WHAT TO PRODUCE —
Below, some lines carry pictures; leave those pictures out and retype exactly the lines from the one with "THESPA ON TOUR, Disney World 2024." through the one with "People pay their".

DATA RECORDS —

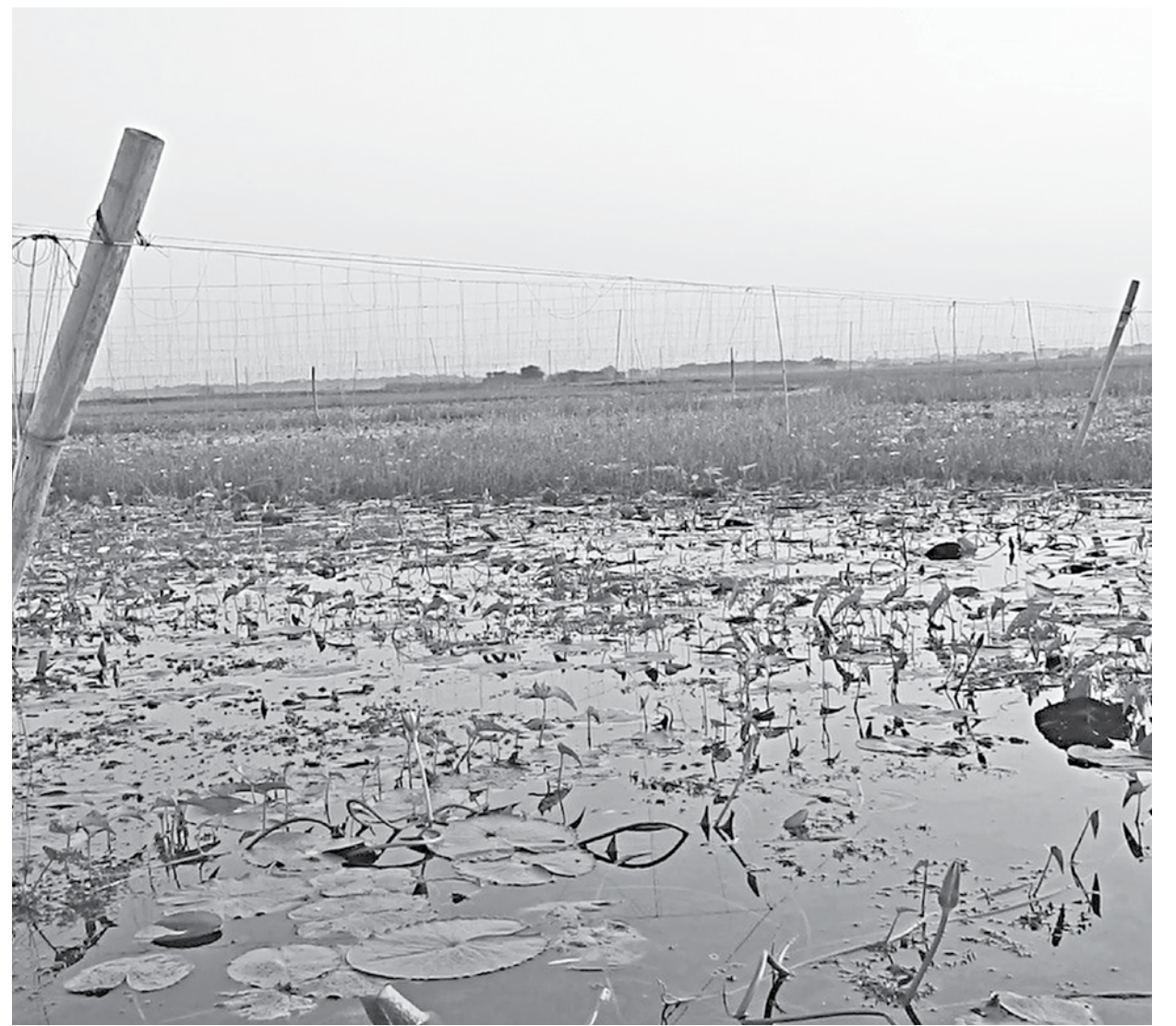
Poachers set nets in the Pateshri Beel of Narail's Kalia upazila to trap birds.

==

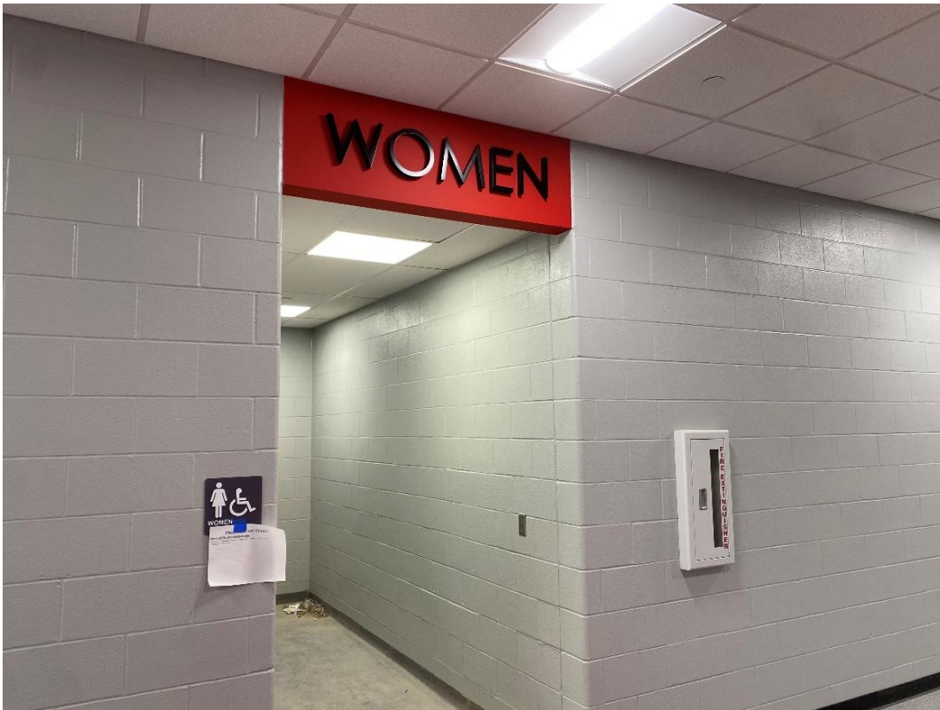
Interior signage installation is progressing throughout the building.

---

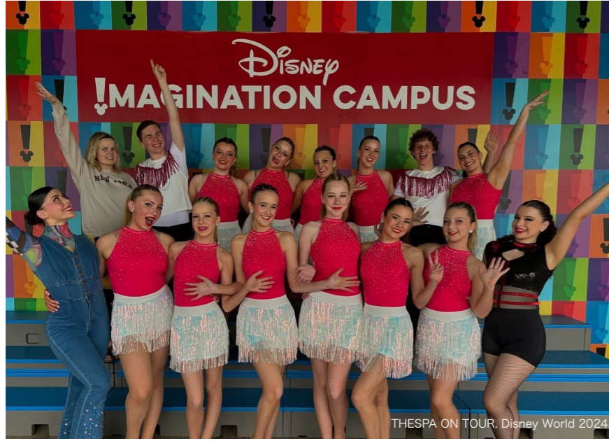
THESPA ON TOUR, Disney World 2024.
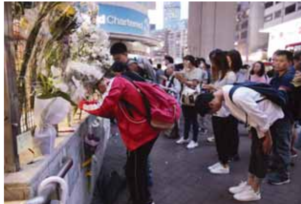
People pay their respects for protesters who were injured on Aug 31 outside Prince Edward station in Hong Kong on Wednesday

EXERCISE OUTPUT —
THESPA ON TOUR, Disney World 2024.
People pay their respects for protesters who were injured on Aug 31 outside Prince Edward station in Hong Kong on Wednesday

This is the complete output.